Headache is the most common and may be the first symptom of bacterial meningitis. Fever and vomiting may be associated. The history is usually of short duration. There may be associated history of an ear discharge, or throat infection.
- The hemogram shows polymorphoneuclear leuckocytosis and positive acute phase reactants indicative of infection
- A cerebrospinal fluid examination (CSF) is the confirmatory test.
- CSF exhibits polymorphonuclear leuckocytosis with markedly decreased sugars and increased proteins.
- CSF samples should also be sent for gram stain, culture, and sensitivity to look for the causative organism.
- Chest x-ray, blood culture, and culture from throat, ear discharge, skin lesions (if any) should also be done.
- Imaging of the brain with a CT scan or MRI is not usually required for confirmation.

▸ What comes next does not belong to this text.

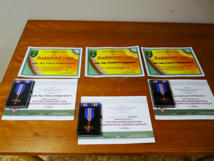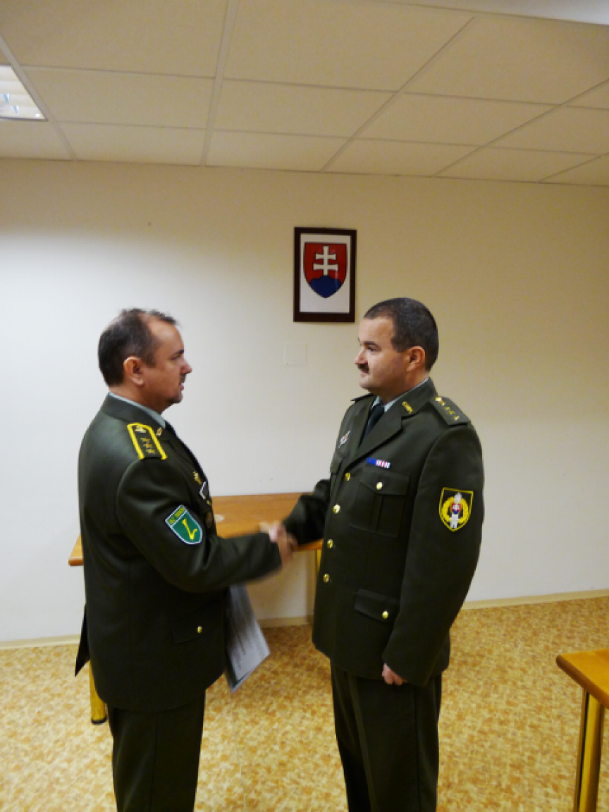 Po prečítaní priebehu služby v Ozbrojených silách SR odovzdal odchádzajúcim profesionálnym vojakom plukovník gšt. Ján Žarnovický ďakovné listy a pamätnú medailu náčelníka Generálneho štábu OS SR III. stupňa (bronzovú), ktorú udelil náčelník Generálneho štábu OS SR pri príležitosti skončenia služobného pomeru odchádzajúcim PrV.

- Systemic antibiotics are the mainstay of treatment and the choice of antibiotics depends upon the causative organism grown on the CSF culture/blood culture.
- In many cases, culture reports are either not contributory or are negative, in which case empirical antibiotics [Table 8] are started assuming the most common organism (depending upon the age of the patient).
- The incidence of resistance to antimicrobials is gradually increasing and therefore patients should be closely monitored, and if there is no clinical response observed in the first few days, antibiotics should be changed.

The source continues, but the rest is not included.